Quote all lines below exactly. Images stay out.

==========

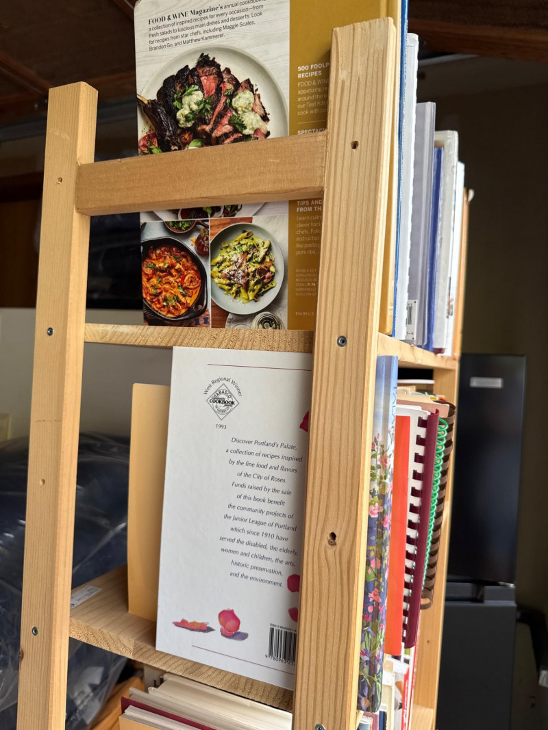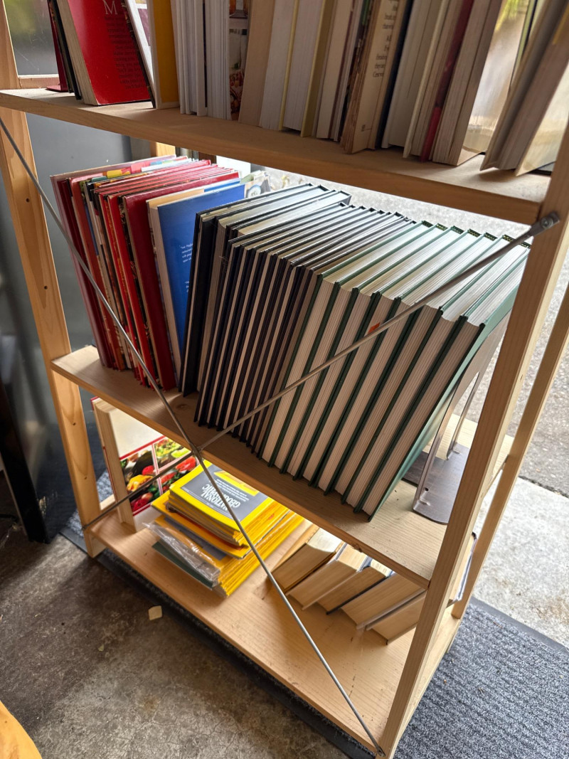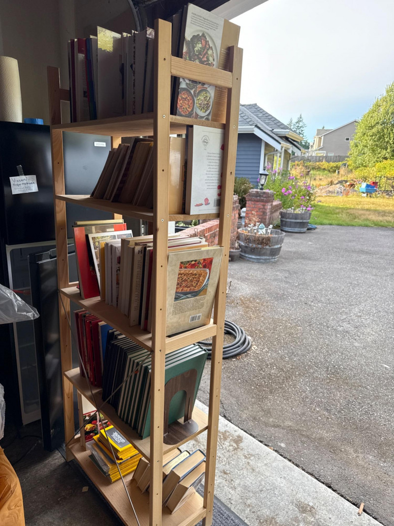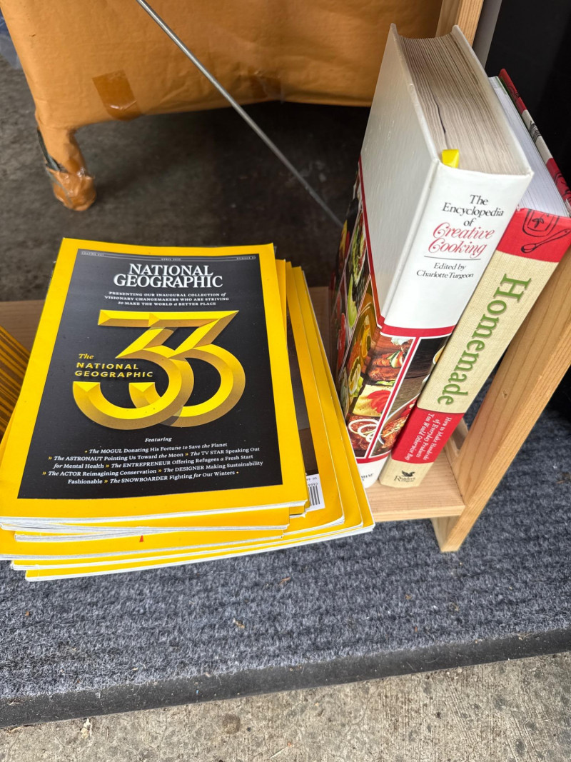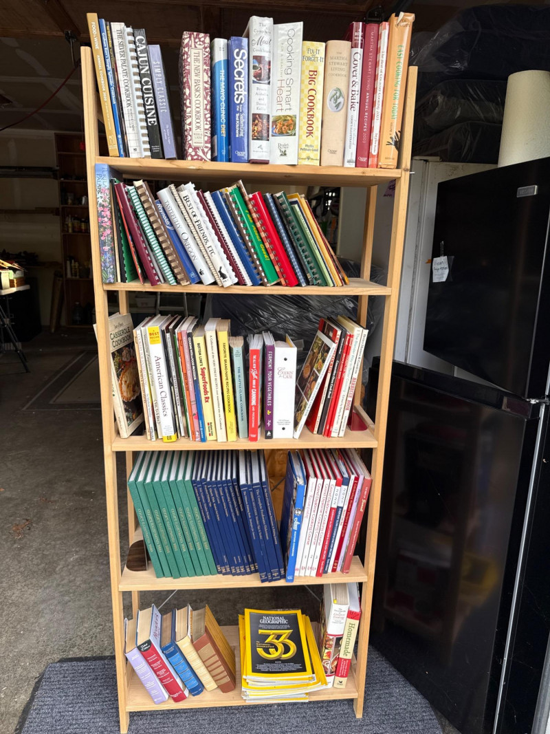A tall, narrow studio-style bookcase filled with assorted books, including a selection of National Geographic magazines. With its clean lines and compact footprint, this piece offers both storage and intellectual charm. Dimensions: 27" L × 11.5" W × 67" H Category: Books Contents: Mixed titles-cooking, travel, home maintenance, novels, health and National Geographic issues (specific volumes not listed) Finish: Natural wood with metal hardware and accents
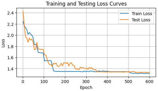 During the training of the GAF-ConvDuc model, the network parameters and clustering centers are iteratively optimized, with the goal of minimizing the loss function and the intra-cluster distance. To prevent the model from overfitting or underfitting, it was trained for 600 epochs, and the training and validation set loss were recorded, as shown in Figure 10. Model training adopts a learning rate of = 0.001, embedding a feature dimension of dim = 32, utilizing the Adam optimizer.
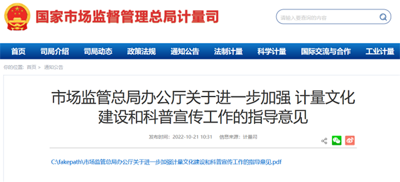 市場監(jiān)管總局辦公廳關(guān)于進一步加強計量文化建設(shè)和科普宣傳工作的指導(dǎo)意見
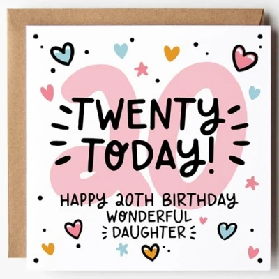 Daughter 20th Birthday Card Twenty Today for Cute & Trendy Design Blank Inside With Kraft Envelope (Age 20 (Twenty Today))
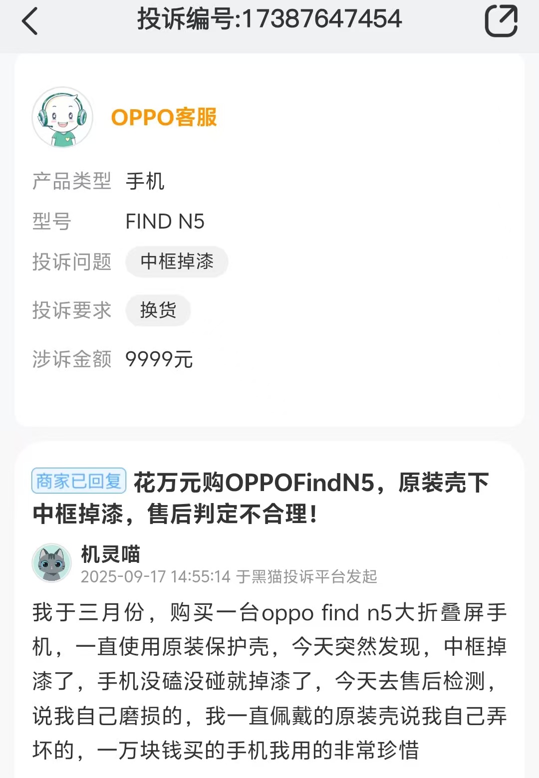 家電消費網(wǎng)10月10日訊 昨天,有消費者投訴稱,其于今年三月花費萬元購買的OPPO find N5大折疊屏手機,突然中框掉漆,OPPO售后以消費者人為造成為由,拒絕換貨。
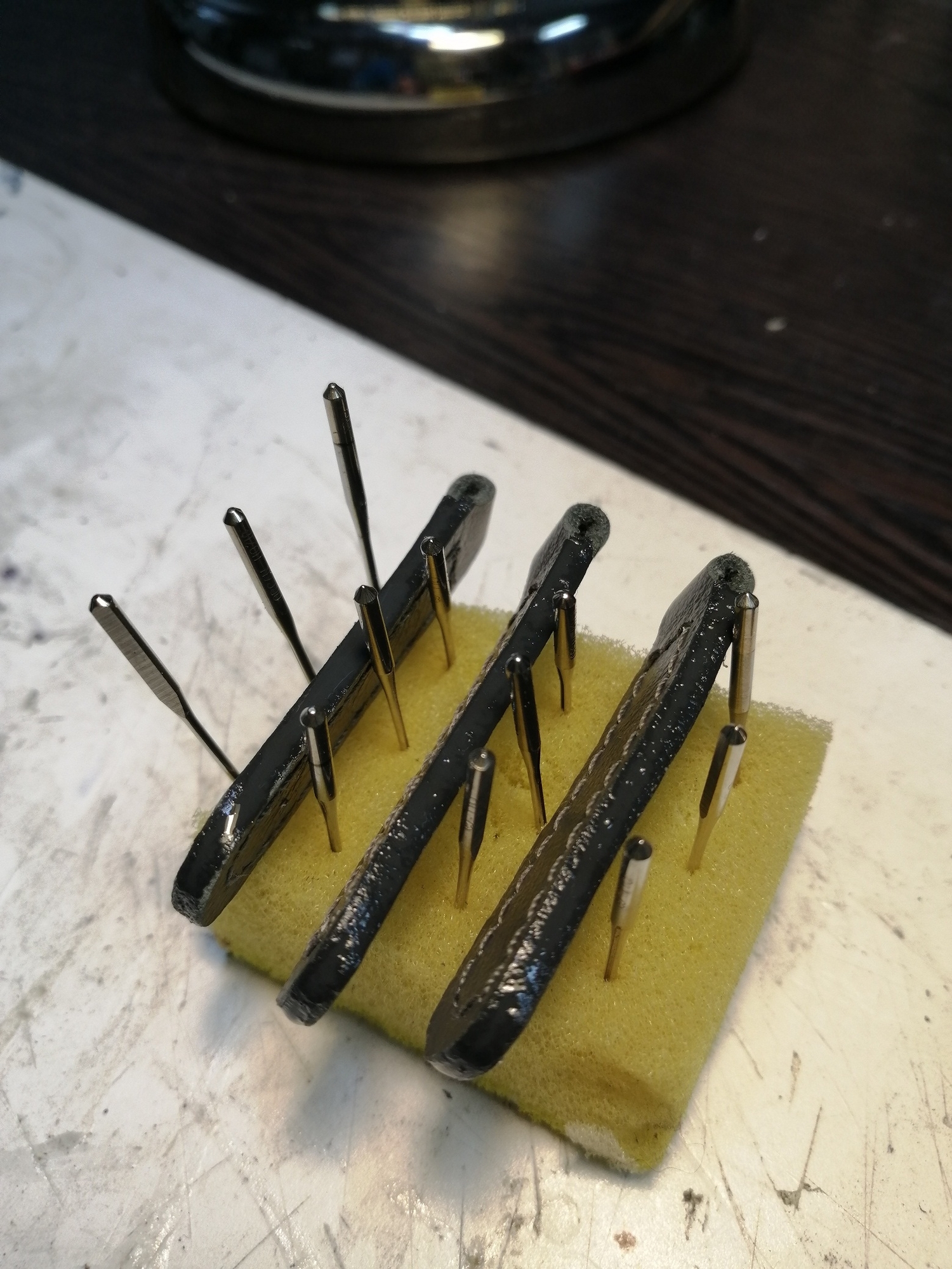 Далее сам урез. Шкурю с помощью гравера. Наношу специальный клей для кожи.
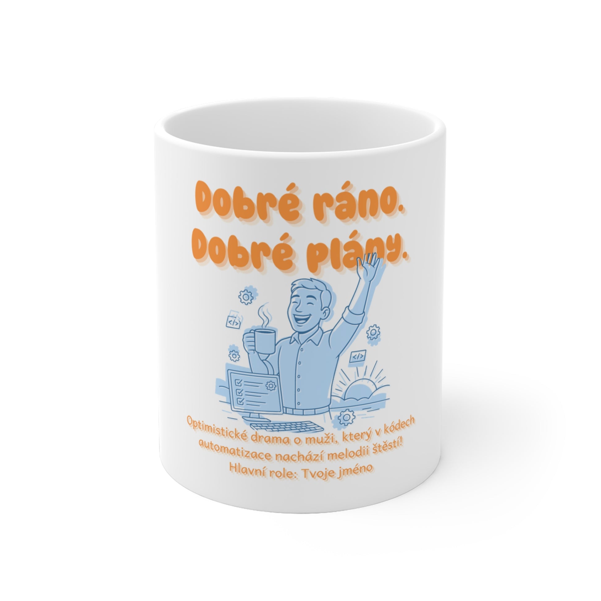 Ráno probuzené jemným světlem, hrneček s párou a tester, co zvukem kláves píše scénář digitalizovaného světa. Tak začíná optimistické drama, kde harmonie kódu a šálek kávy otevírají dveře novým možnostem. Vstup na scénu jako hlavní postava a najdi svou melodii štěstí s každým douškem. Teď je čas doplnit se k obsazení: 'Optimistické drama, vítej, ... (tvé jméno)'. Tento hrnek je ideálním dárkem pro automatizačního testera, který chce začít svůj den s trochou inspirace a pohody.
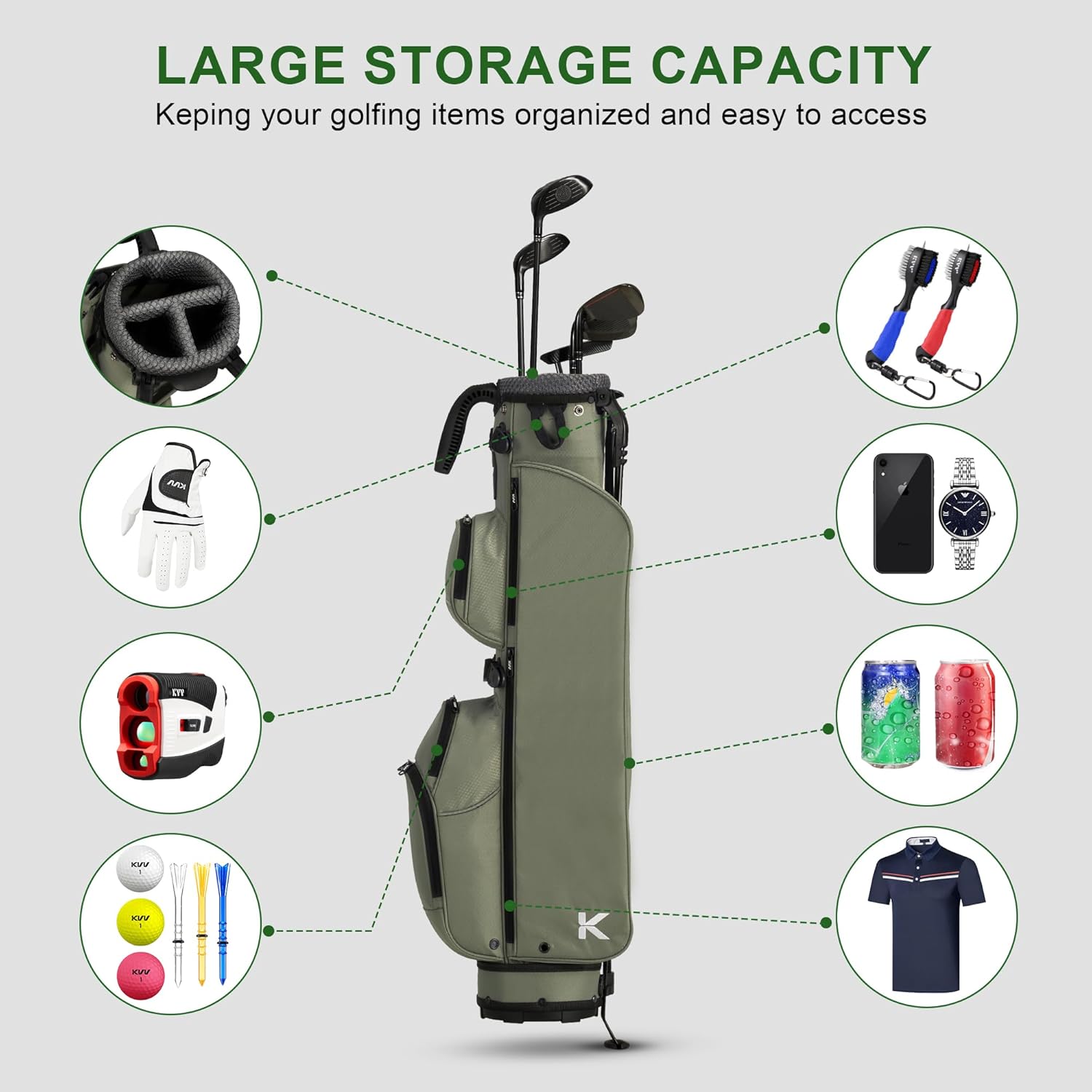 KVV Lightweight Pitch and Putt Golf Bag with Stand, Adjustable Dual Straps, Golf Stand Bag for Extra Storage in a Smaller Size
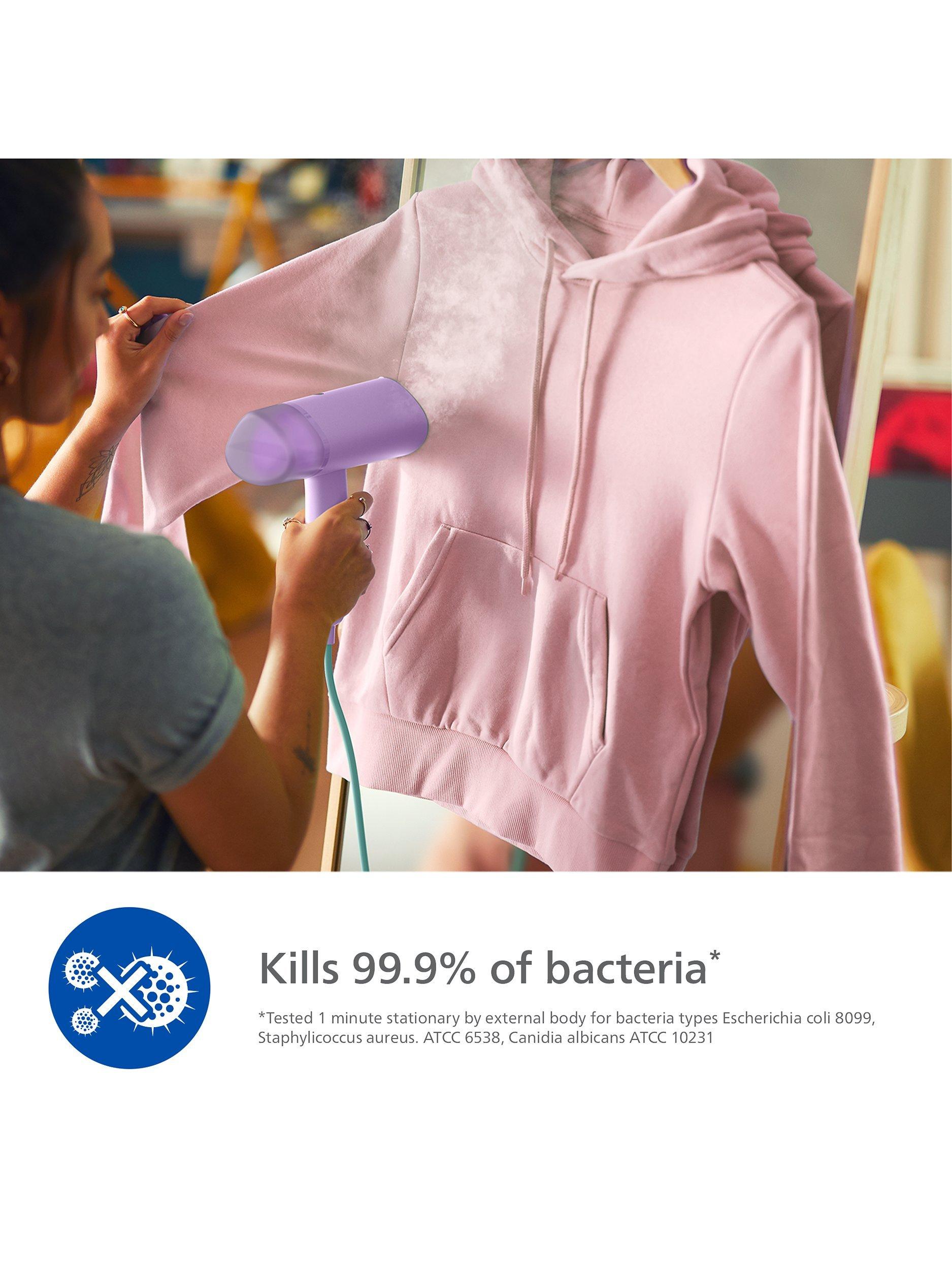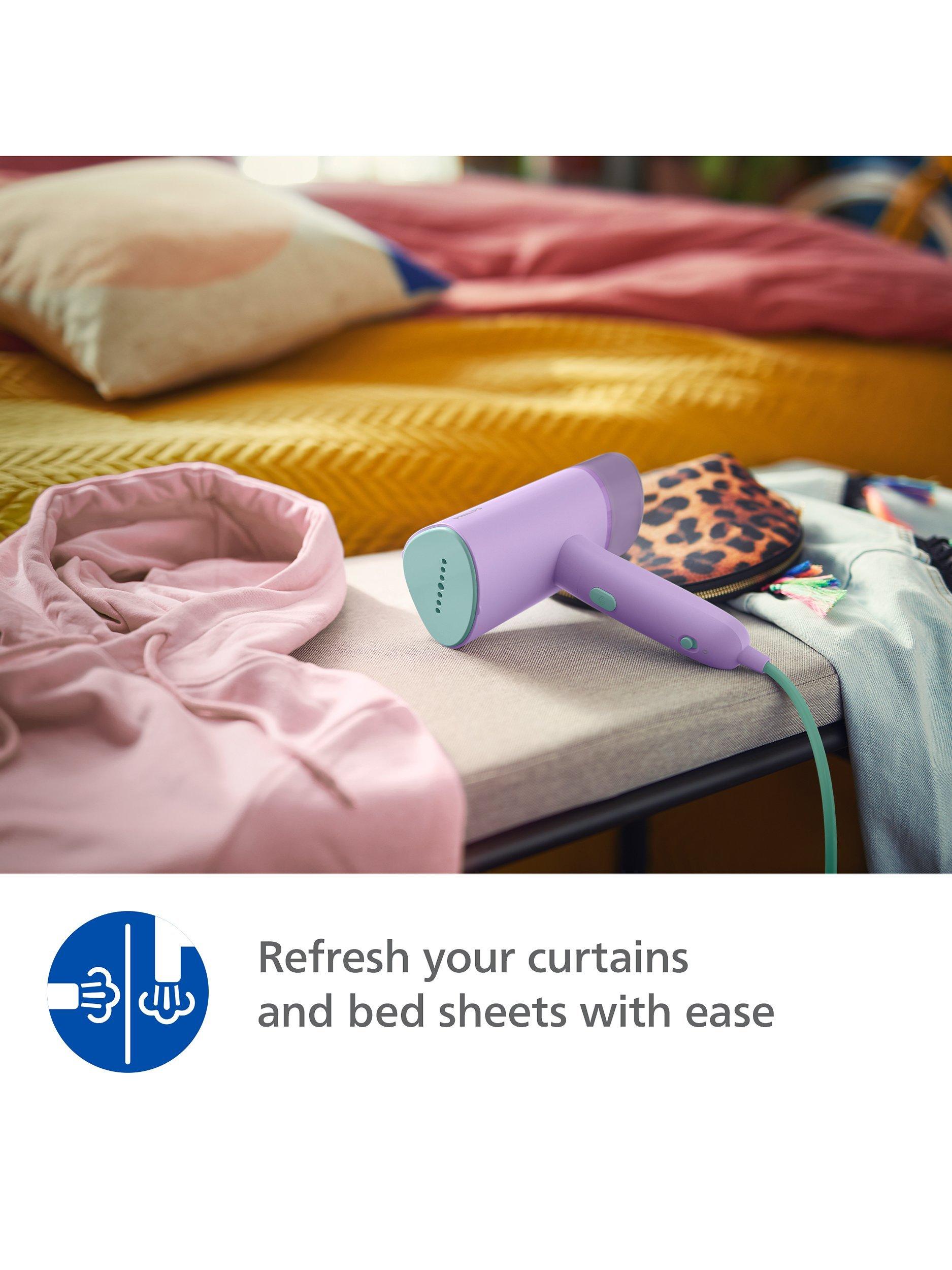 This handheld steamer kills 99.9% of bacteria*. You can even steam your curtains and bed sheets.

==========

Task response:
A tall, narrow studio-style bookcase filled with assorted books, including a selection of National Geographic magazines. With its clean lines and compact footprint, this piece offers both storage and intellectual charm. Dimensions: 27" L × 11.5" W × 67" H Category: Books Contents: Mixed titles-cooking, travel, home maintenance, novels, health and National Geographic issues (specific volumes not listed) Finish: Natural wood with metal hardware and accents
 During the training of the GAF-ConvDuc model, the network parameters and clustering centers are iteratively optimized, with the goal of minimizing the loss function and the intra-cluster distance. To prevent the model from overfitting or underfitting, it was trained for 600 epochs, and the training and validation set loss were recorded, as shown in Figure 10. Model training adopts a learning rate of = 0.001, embedding a feature dimension of dim = 32, utilizing the Adam optimizer.
 市場監(jiān)管總局辦公廳關(guān)于進一步加強計量文化建設(shè)和科普宣傳工作的指導(dǎo)意見
 Daughter 20th Birthday Card Twenty Today for Cute & Trendy Design Blank Inside With Kraft Envelope (Age 20 (Twenty Today))
 家電消費網(wǎng)10月10日訊 昨天,有消費者投訴稱,其于今年三月花費萬元購買的OPPO find N5大折疊屏手機,突然中框掉漆,OPPO售后以消費者人為造成為由,拒絕換貨。
 Далее сам урез. Шкурю с помощью гравера. Наношу специальный клей для кожи.
 Ráno probuzené jemným světlem, hrneček s párou a tester, co zvukem kláves píše scénář digitalizovaného světa. Tak začíná optimistické drama, kde harmonie kódu a šálek kávy otevírají dveře novým možnostem. Vstup na scénu jako hlavní postava a najdi svou melodii štěstí s každým douškem. Teď je čas doplnit se k obsazení: 'Optimistické drama, vítej, ... (tvé jméno)'. Tento hrnek je ideálním dárkem pro automatizačního testera, který chce začít svůj den s trochou inspirace a pohody.
 KVV Lightweight Pitch and Putt Golf Bag with Stand, Adjustable Dual Straps, Golf Stand Bag for Extra Storage in a Smaller Size
 This handheld steamer kills 99.9% of bacteria*. You can even steam your curtains and bed sheets.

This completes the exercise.